Check Comparison Table here: https://www.aitude.com/supervised-vs-unsupervised-vs-reinforcement

1. Supervised Learning:
    * Labelled Data is available to help you with what the output can be for given set of inputs.
    * Your output is defined what you want to get out of data, you just have to devise a way to calculate that effectively and accurately.
    * Typical problem areas:
        1. Classification - Predict the class of the given observation
        2. Regression - Predict the continuous value for the given observation
        
    * Issues:
         It's hard to find labelled datasets
    * Common Algorithms:
         Naive Bayes, SVM, Linear/Logistic Regression, KNN


2. Unsupervised Learning:
    * Deals with unlabelled data.
    * It is more of exploratory analysis where we try to find the hidden patterns within the data.
    * Think of it as what you want to get out of data, it's just you suspect some hiddent relationships and associations can be there in data.
    * There's no correct answer, hence it is difficult to determine the accuracy of models.
    * Typical problem areas:
        1. Clustering: Cluster the similar looking data into 1 group.
        2. Association: Find the most common associations or hidden associations (Market-Basket Analysis)
        3. Autoencoders: Learn the representation and associations from the data to recreate them. Popular with GANs
        4. Anomaly Detection: Is the data behaving as it is expected to be?
    
    * Common ALgorithms:
        K-Means Clustering, PCA, GANs, Apriori(Association)

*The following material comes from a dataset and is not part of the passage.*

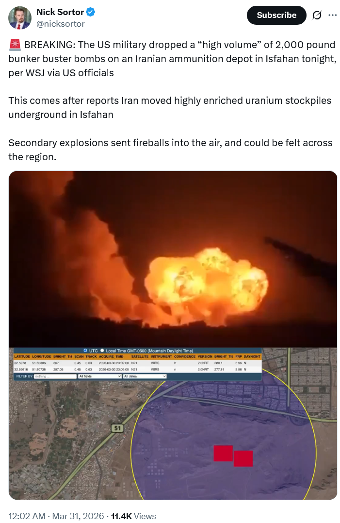 Previous: >>532014131HAPPY #600 /pig/!WATCH: MAN GOES TO THE STRAIT OF HORMUZhttps://www.youtube.com/watch?v=CuDaUTZY0qo/pig/ POLLS (ANSWER BEFORE POSTING)NEW POLL https://strawpoll.com/e6Z2AbQk5gNhttps://strawpoll.com/05ZdzrBKGn6https://strawpoll.com/e7ZJaqzEYg3https://strawpoll.com/wby5QbkQdyA>Trump "We've already won" counter: 12>Trump "Iran has no navy" counter: 8>Trump ultimatums passed: 2 (Time until third one passes: 7 days)Timeline:▶ Day 30>WTI $101>Brent Crude $116>Trump TACO's again, says he is "willing to end the U.S military campaign even if the strait of Hormuz stays closed">Iran has struck American university in Sulaymaniyah, Iraq.>Spain closes airspace to US aircraft involved in Iran war>3 more dead IDF soldiers in Lebanon>PATRIOT systems fail yet again and an Iranian missile hits central Israel▶KinoNEW:https://files.catbox.moe/smmsfw.mp4https://files.catbox.moe/jv7tdp.mp4https://x.com/RoaaWarStudies/status/2037578330954719508▶Telegram channelshttps://rentry.org/tgnews▶Israel Rocket Alertshttps://www.tzevaadom.co.il/en/▶Air Traffichttps://www.flightradar24.com/https://flightaware.com/livehttps://globe.adsbexchange.com▶Maritime Traffichttps://www.marinetraffic.com/https://www.vesselfinder.com/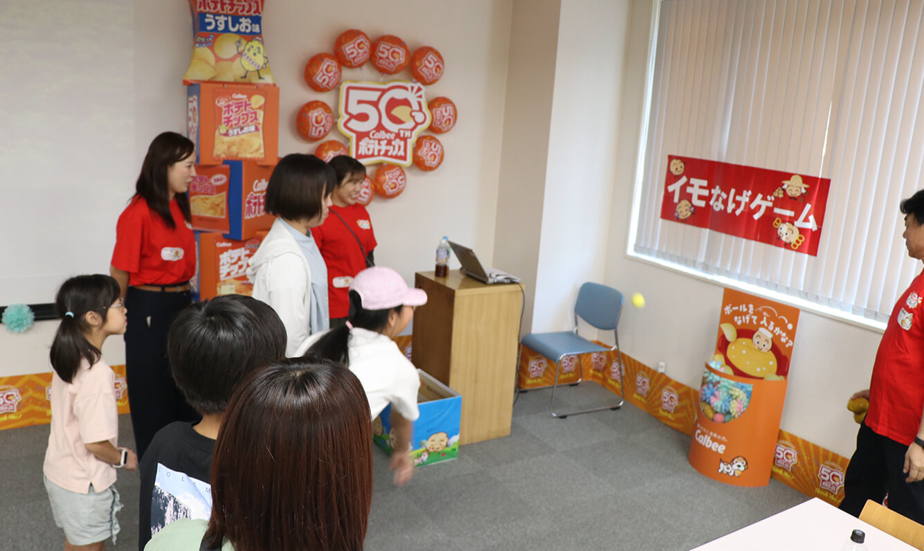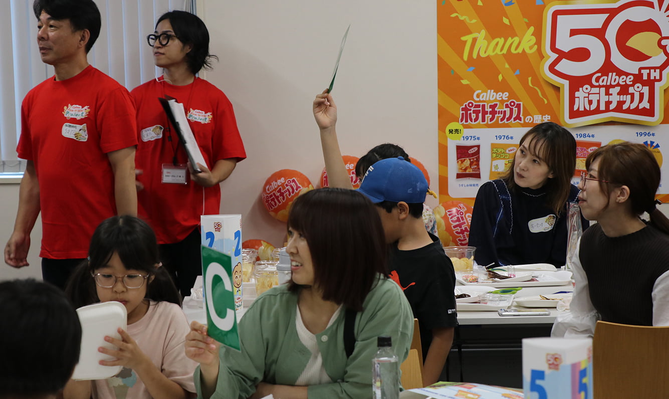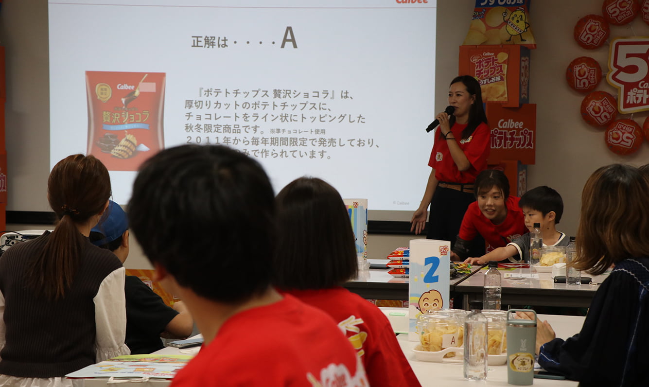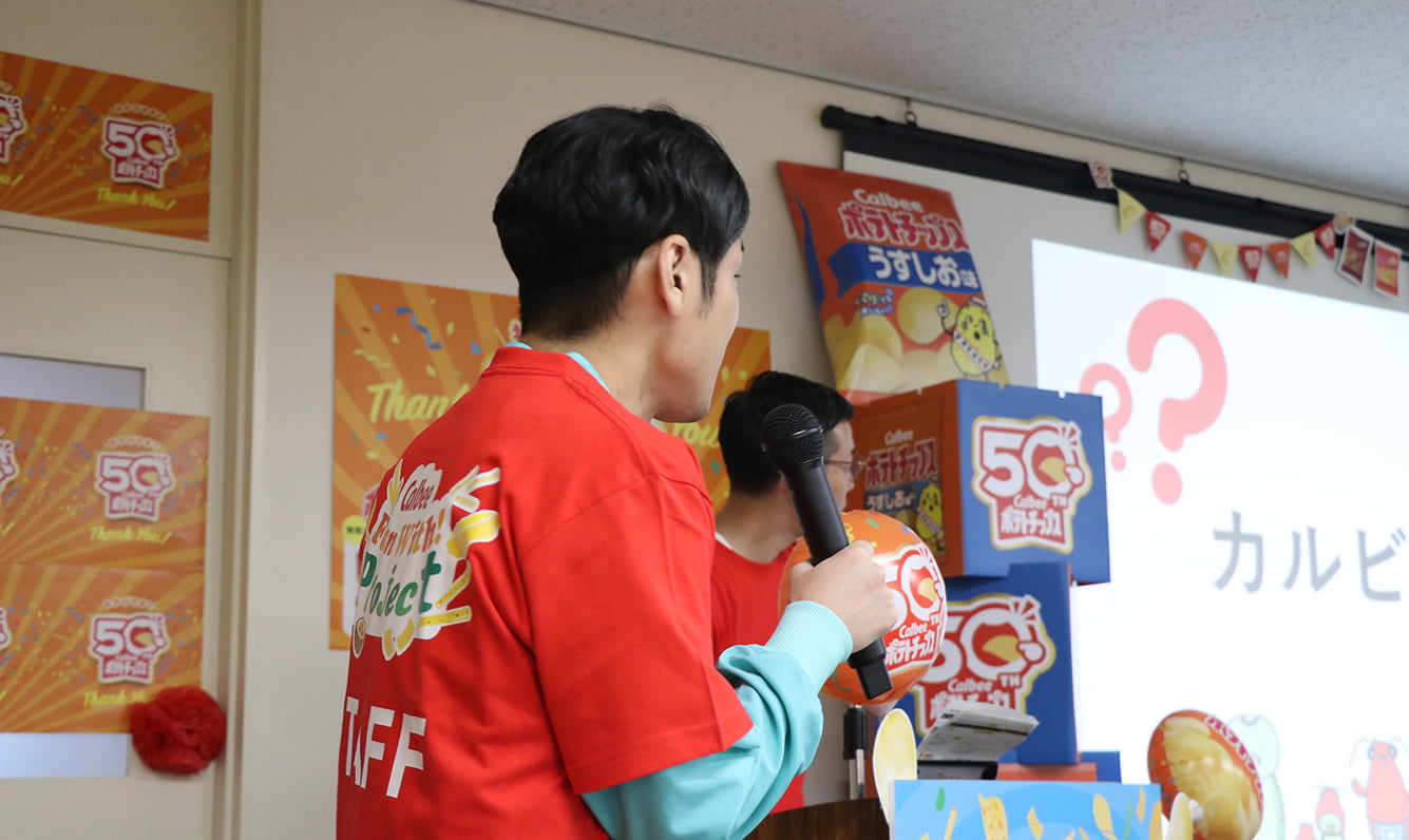 過去発売した商品やキャラクター、じゃがいもなどカルビーに関するクイズを出題。クイズに正解する度に歓声が上がりました。全問正解するチームも多く、たくさんの景品をGETしてもらいました。

3. Reinforcement Learning:
    * Given a start state and end state, can an optimal way  to accomplish a particular goal be found or performnce of a specific task can be improved.
    * It tries to predict the next best step to take to achieve the final big reward, by interacting with the env.
    * Autonomous vehicles are the most popular application of this.
    * Common Algorithms:
        Deep Q Network(DQN), Q Learning, SARSA
    * It is not unsupervised: We know what exact output is expected from our model.
    * It is not supervised: It doesn't rely on labelled data.


# Data Analysis Workflow

Industry standard is to follow CRISP-DM (Cross Industry Standard for Data Mining).

https://www.sv-europe.com/crisp-dm-methodology/

![CRISP-DM.jpeg](attachment:CRISP-DM.jpeg)

# Data Exploration / Data Understanding
https://www.analyticsvidhya.com/blog/2016/01/guide-data-exploration/

https://www.analyticsvidhya.com/blog/2013/11/simple-manipulations-extract-data/

#### Step 1: Variable Identification & Analysis:
* Questions you try to answer:
    1. What each variable represents?
    2. What is its purpose?
    3. What is the datatype of each variable?
    4. What is the spread or min/max ranges?
    5. Does the data have particular affinity/skewness?
    6. Are there any missing values or outliers?

#### Types of Data:
* Based on Structure:
    * Structured: Well-formatted. Usually in form of tables.
    * Unstructured: Text, images, videos.

* Based on Data's Type:
    * Text
    * Continuous: Numerical
    * Categorical: Discrete. Can be Numerical or Text

   Categorical data is further divided as:
    * Nominal - Categorical: No specific order
    * Ordinal - Categorical: Specific Order

#### Step 2: Univariate Analysis:
* Analyse each variable independently.
* Very good in highlighting missing values and outliers
* For Continuous variables:
    
    Determine measure of central tendency: Mean, Median, Mode, Min, Max
    
    Determine Measures of dispersion: Range, Quartiles, IQR, Variance, Standard deviation, Skewness, Kurtosis
* Histogram and Boxplots can significantly help in analysis.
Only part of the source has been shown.